In
spite of coming all the way from South America, potatoes have
made themselves truly at home on our dinner tables. As part of
our staple diet, they provide us with many of the nutrients we
need, particularly starch and vitamin C.
We've
put together some tips to help you try your hand at one of the
most rewarding crops to grow, so have a go! These perennials with
edible 'tubers' (swollen, underground stems) are members of the
same family as aubergines, capsicums, tomatoes, tobacco and chillies!
Their
natural habitat is in the leaf mould of the jungle floor, growing
in rich, damp, fertile, acid soil. They come in 3 main groups:
'first earlies', 'second earlies' and 'maincrop'. These categories
tell you how long they need to grow. Expect
first earlies to take about 9 weeks to mature, second earlies
10 weeks and maincrop varieties 12 weeks.
You
can buy 'seed potatoes' now at the garden centre - they are actually
small potatoes, about the size of a hen's egg, which have been
cultivated above a certain altitude to avoid aphids which transmit
viruses, and are certified disease free.
First
earlies will give you new potatoes at a time when they're at their
most expensive in the shops - you'll avoid the blight season,
as well as the worst of the slugs.
Recommended
varieties include Pentland Javelin, a heavy cropper with white,
waxy flesh, or Red Duke of York for superb roasties! Try a few
'second earlies' too, to extend the cropping time: Kestrel will
give a high yield, disease resistance and excellent flavour, or
try Nadine for a bumper crop with a delicious taste.
Finish
off with a row of 'maincrop', giving you plenty of spuds for the
winter - we recommend Maris Piper for the best chips, King Edward
for high quality, or Valor for high resistance to pests and diseases.
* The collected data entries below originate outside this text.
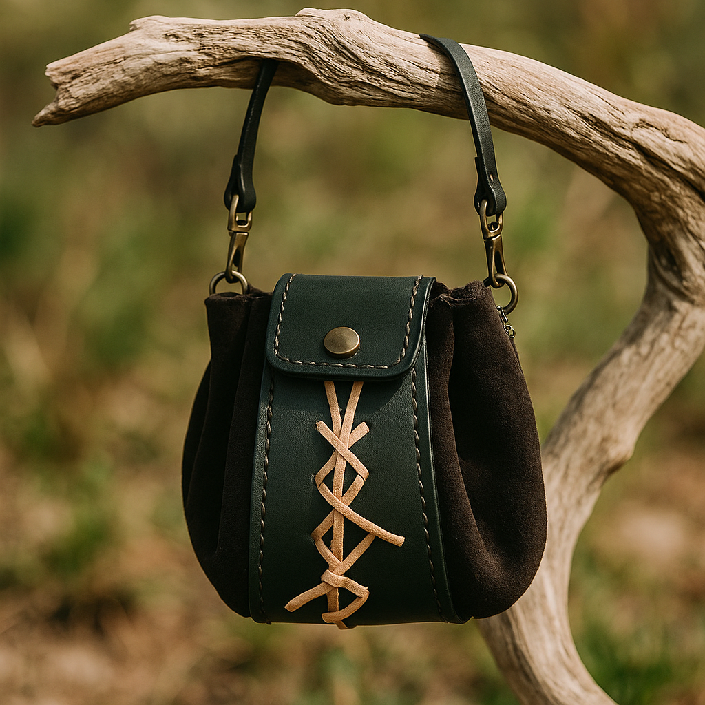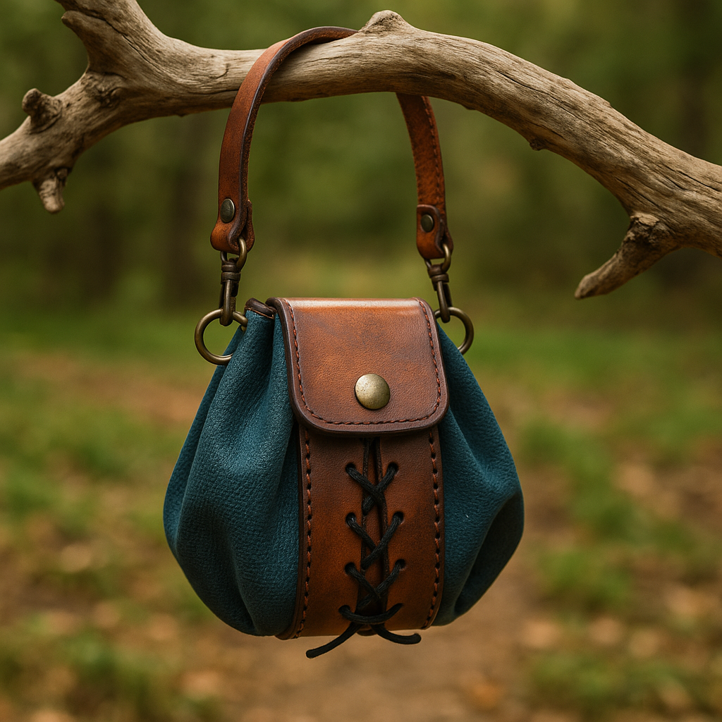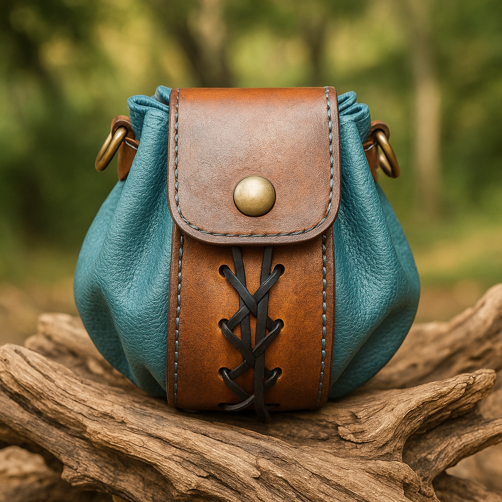 Handmade from a blend of hand-dyed vegetable-tanned leather and soft repurposed Italian offcut leather, each pouch is unique, reducing waste while adding rustic elegance with decorative leather lacing and optional bead accents.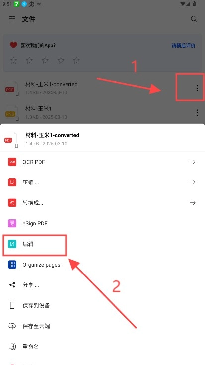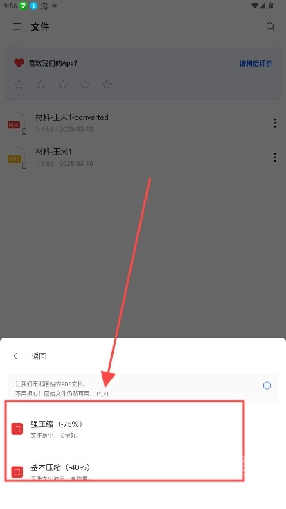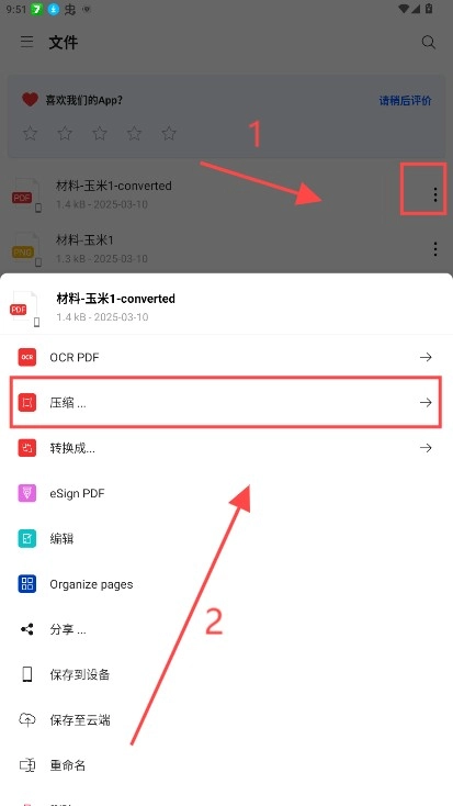 选择pdf文件后三小点进入,再选择压缩点击进入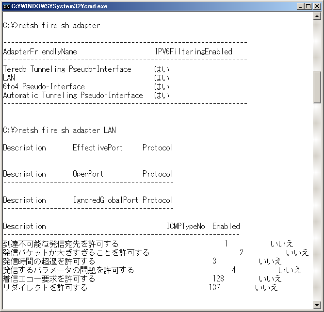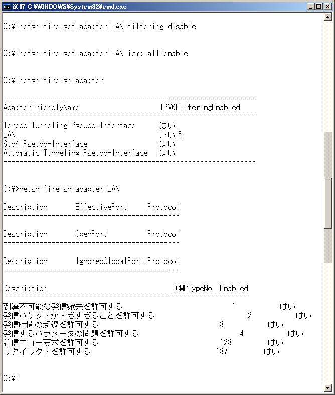Windows XpのIPv6でpingが失敗するときは…firewall設定Windows Updateとservice Pack2003年の7月に脆弱性としてMicrosoftが発表していたにもかかわらず、一ヵ月後の8月にMSBlasterが大発生した。このことを教訓としてMicrosoftはデフォルトセキュアーの一環で、FirewallをデフォルトONに設定した。Windows Updateをまめに適用していても、filtering設定だけでなく ICMP設定がデフォルトでかかるようになった。Windows Xpを2004年04月14日現在の最新状態にすると、次のコマンドを実行して設定変更しないとpingが失敗する。
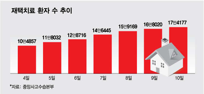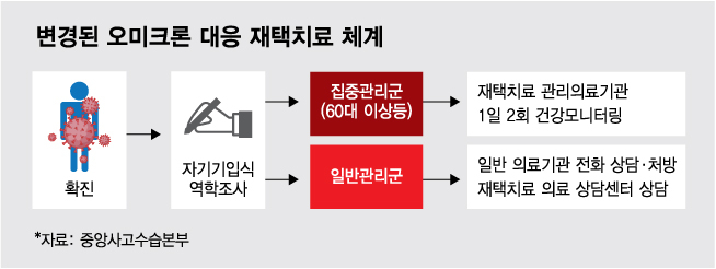 이날 코로나19 재택치료 환자는 17만4177명이다. 총 관리 가능 인원은 18만9000명, 가동률은 92%다. 재택치료 역량이 소진되자 정부는 대책을 발표했다. 위험하지 않은 일반관리군 환자는 별도 모니터링을 하지 않기로 한 것이다. 이날부터 60세 이상 등 집중관리군 환자만 의료기관으로부터 1일 2회 진찰받는다.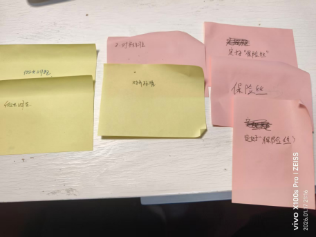 好,我们现在集中讨论票选出的这个问题: 为何定保险丝这环节为什么不容易做?请各组继续用3分钟讨论,把最深层的2-3个原因列出来,请组长带领大家讨论并记录在便签纸上。3分钟后请每位小组派代表分享2-3条内容,大家先不必讨论解决方案。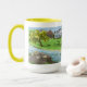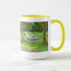 Önska en medarbetare, en familjemedlem eller en vän grattisar på pension med anpassadet lycklig pension mugg med en bild av dam som läser i en hammock på hennes framgård, och lyssnar på en brinnande brook.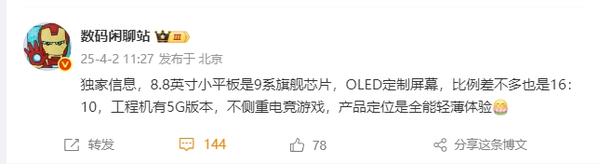 【CNMO科技消息】4月2日,有数码博主曝光了一款8.8英寸的小平板,搭载9系旗舰芯片,配备了定制OLED屏幕,屏幕比例接近16:10,工程机还有5G版本。它并不侧重于电竞游戏,产品定位是提供全能且轻薄的体验。尽管博主没有明确指出这是哪家公司的产品,但结合此前的消息和网友的猜测,大家普遍认为这很可能是华为的新品。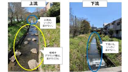 有栖川は,きれいに整備された川なのですが,意外と大きな岩がたくさんあります。…と思っていたのですが,よくよく見れば,岩があるのは嵯峨中のグラウンド横の部分だけ。嵯峨中から見える限り,上流にも下流にも岩はありません。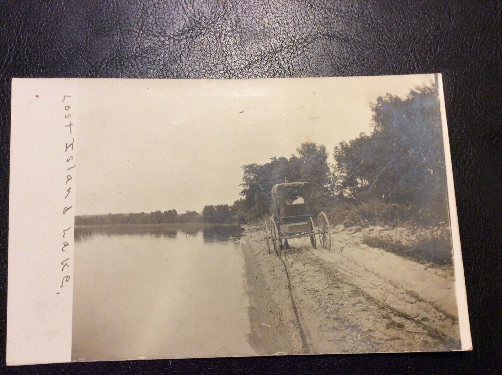 Ruthven Iowa Lost Island Lake Antique Real Photo Postcard RPPC Horse Buggy

Charlotte is an excellent variety for salad potatoes, and Rocket
does well grown as a miniature crop in a dustbin for Christmas
day!
Make
some holes in the bottom, and start off with a layer of compost
and a couple of seed potatoes. Keep covering with compost as the
leaves appear, until the soil is up to the top. Store, or 'chit'
your seed potatoes, in single layers with the pointed end down,
on trays or benches in low light, in a frost-free place. Darkness
or too much heat will force them to produce long, gangly shoots
which will break off when planting - ideally the 'sprouts', which
are produced mainly from the end, will be short and green.
Originating
from the southern hemisphere, the leafy growth of potatoes (or
'haulm') is very vulnerable to frost. Frost damage will halt growth,
so seed potatoes should be planted out at the end of April, so
that the leaves come through after the danger has passed. Alternatively,
cover the young plants with cloches.
Dig
over the planting area well, and incorporate as much manure or
compost as you can. Create trenches about 12cm deep and 60cm -
75cm apart, and sprinkle some bonemeal onto the soil you've dug
out. Plant your potatoes the same way up, 30cm apart for earlies,
or 45cm for maincrop, in late April - don't use any rotten ones!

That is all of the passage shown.